# nikon d7000 focus issues really a problem ?



## enerlevel (Jul 8, 2013)

Hi all, 
 I would start up with a little history about myself , please read the whole post before saying that its my technique and not the camera... 
I have used plenty of pro equipments with my last one being the Nikon d800 for weddings therefore I am very much familiar with what I am doing . I have also switched brands many a times only to compare camera like 5d mkIII vs d800 or D3s... Along with lens .. But that was all when I had cash to burn... And I never had issues with them ever!!! 
Then I had to stop all of this and sell all my gear to finance my education ... (I still have my insurance for the cameras LOL) .. 

After saving plenty I got a d90 along with 35mm f1.8G , 18-105 vr and 55-200 vr.
Plenty happy for months..  Now again saved plenty enough to get my hands on a second hand D7000 so I went on with my search for a preowned d7000. 

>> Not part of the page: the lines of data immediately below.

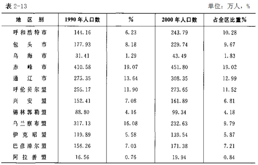 全區(qū)盟市人口最多的是赤峰市451.80萬人,占全區(qū)總?cè)丝诘?SPAN lang=EN-US>19.07%,但該市與1990年占全區(qū)總?cè)丝诘姆蓊~相比,降低了0.5個百分點(diǎn)。其次是通遼市308.35萬人,占全區(qū)總?cè)丝?SPAN lang=EN-US>12.99%,與1990年第四次人口普查時相比,占全區(qū)總?cè)丝诘姆蓊~基本維持原狀,由1990年的12.64%,增加到12.99%,10年只增長了0.35個百分點(diǎn)。各盟市人口在200萬以上的除了上述2個盟市外,還有呼和浩特市243.79萬、包頭市299.74萬、呼倫貝爾盟273.05萬和烏蘭察布盟232.63萬人,人口最少的是阿拉善盟有19.94萬人,占全區(qū)總?cè)丝诘谋壤沧畹停挥?SPAN lang=EN-US>0.84%;其次是烏海市2000年全市人口為43.49萬,占自治區(qū)總?cè)丝跒?SPAN lang=EN-US>1.83%,比1990年第四次人口普查時的1.29%,提高0.54個百分點(diǎn);再次是錫林郭勒盟2000年全盟人口為99.34萬人,占自治區(qū)總?cè)丝跒?SPAN lang=EN-US>4.18%,較1990年第四次人口普查時的4.16%,提高0.12個百分點(diǎn)。1990—2000年人口占全區(qū)總?cè)丝诒壤鲩L最快的是首府呼和浩特市,由1990年的6.23%,上升到2000年10.28%,10年上升了4.05個百分點(diǎn),平均每年上升0.40個百分點(diǎn)。其次是包頭市,由1990年占全區(qū)總?cè)丝?SPAN lang=EN-US>8.18%,增長到9.67%,增長1.49個百分點(diǎn),人口占全區(qū)總?cè)丝诒戎叵陆底羁斓氖菫跆m察布盟,該盟人口1990年由317.13萬人下降到2000年的232.63萬人,下降84.5萬人,降低36.32%,占全區(qū)總?cè)丝诒戎赜?SPAN lang=EN-US>1990年的16.08%,降到9.79%,下降了6.29個百分點(diǎn)。人口減少的主要原因有兩個:一是行政區(qū)域變動,1990—2000年,烏蘭察布盟的武川縣、和林格爾縣、清水河縣、達(dá)茂旗,相繼劃入了呼和浩特市和包頭市;另一個是農(nóng)村、牧區(qū)貧困人口大量遷入城市和其他地方造成的,而不是自然減少的原因。1990~2000年中占全區(qū)總?cè)丝诒戎販p少的還有呼倫貝爾盟、赤峰市、興安盟等幾個盟市,不過這幾個盟市人口占總?cè)丝诒戎?SPAN lang=EN-US>10年中減少的并不像烏蘭察布盟那樣大,10年減少的比重都沒有超過1個百分點(diǎn)。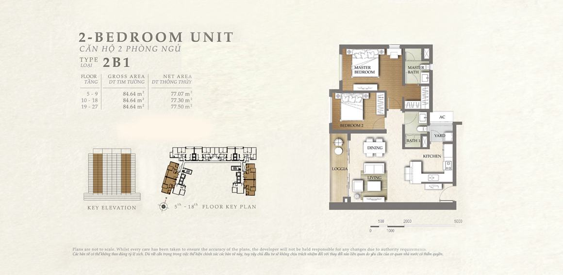 2 phòng ngủ: 85m2, giá từ 5.8 tỷ VND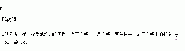小张抛一枚质地均匀的硬币,出现正面朝上的可能性是( )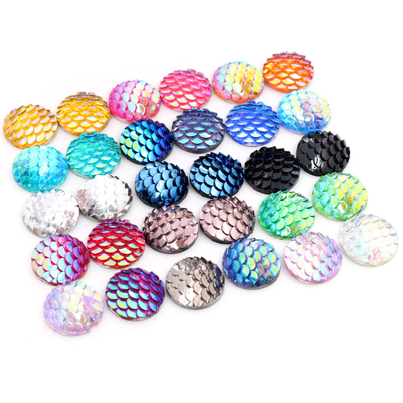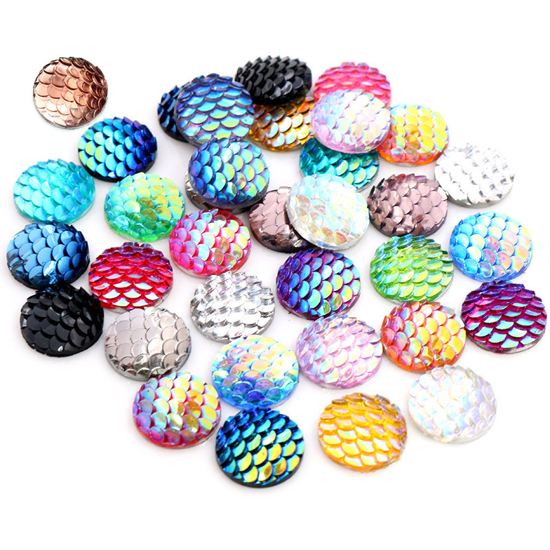 8мм 10мм 12мм круглые пластинки из смолы под рыбью чешую для DIY украшений, аксессуары для карт, плоские основы для камней, алмазные.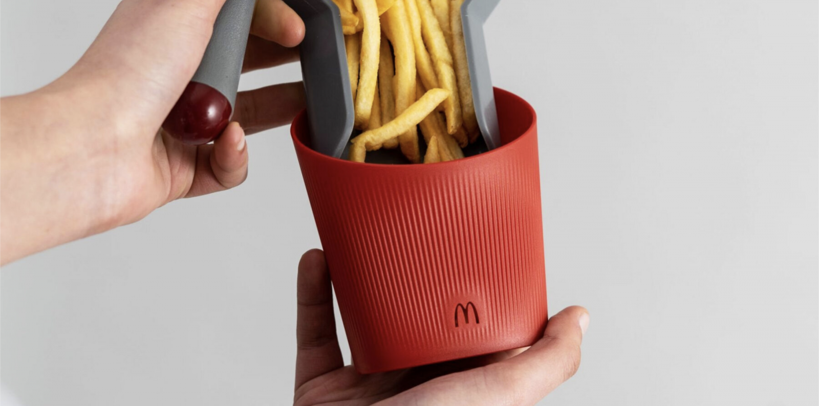 デザインチームは2年がかりで、マクドナルドの常連客が飲食する際に使用する、ありとあらゆるテーブルウェアを手がけた。たとえばフライドポテト用コンテナの表面にあるギザギザなど、ディテールまで徹底してこだわった。それと同時に、客がマクドナルドのメニューを味わう時の体験や、テーブルウェアを手にした時の感触を向上させるべく、形状や素材に配慮した。

Up till now I have already checked 6 D7000 bodies and none of them have been able to focus properly with the 35mm.. When doing close ups, everything seems to be normal but as soon as you start to focus something 2 feet away or more , it seems to auto focus the wrong thing... Even the other lens 18-105 seems to be soft as compared to my D90.. 
I also tried the 50f1.8G and that also acts strange with the D7000. Its also strange how the owners never felt the softness of the focus until I snapped the same photo with my D90 and compared it to their D7000.. 
Have any of you had any problems like these ? I really don't have any cash now to experiment around anymore.. And because these bodies are preowned, I believe Nikon would not take them under warranty. Also would auto fine tune AF solve this problem as it seems to focus just right under 2 feet ..
Thanks I'm advance for all your inputs.


----------



## goodguy (Jul 8, 2013)

My D7000 acted up with soft pictures.
After trying all the tricks in the book I sent my new camera to Nikon and they serviced it.
Camera worked much better but still not up to my expectation so I fine tuned each and every lens I have to the camera and now the results are impressive.
AF is not perfect on the D7000 to be sure.


----------



## SCraig (Jul 8, 2013)

goodguy said:


> My D7000 acted up with soft pictures.
> After trying all the tricks in the book I sent my new camera to Nikon and they serviced it.
> Camera worked much better but still not up to my expectation so I fine tuned each and every lens I have to the camera and now the results are impressive.
> *AF is not perfect on the D7000 to be sure.*


I've never seen the need to fine-tune any of my lenses.  I'm perfectly content with mine just the way it is.


----------



## CaptainNapalm (Jul 8, 2013)

I had the same issue with a 35mm lens on a d7000 body a few months ago.  you'll likely find find my thread about it floating around these forums. The in camera AF fine tune feature corrected the problem for me.


----------



## cgipson1 (Jul 8, 2013)

I never had any issues with my D7000.


----------



## TheLost (Jul 8, 2013)

I'm going against some of the things I've said in the past...  But i think the D7000 has the 'potential' of having 'focus issues'.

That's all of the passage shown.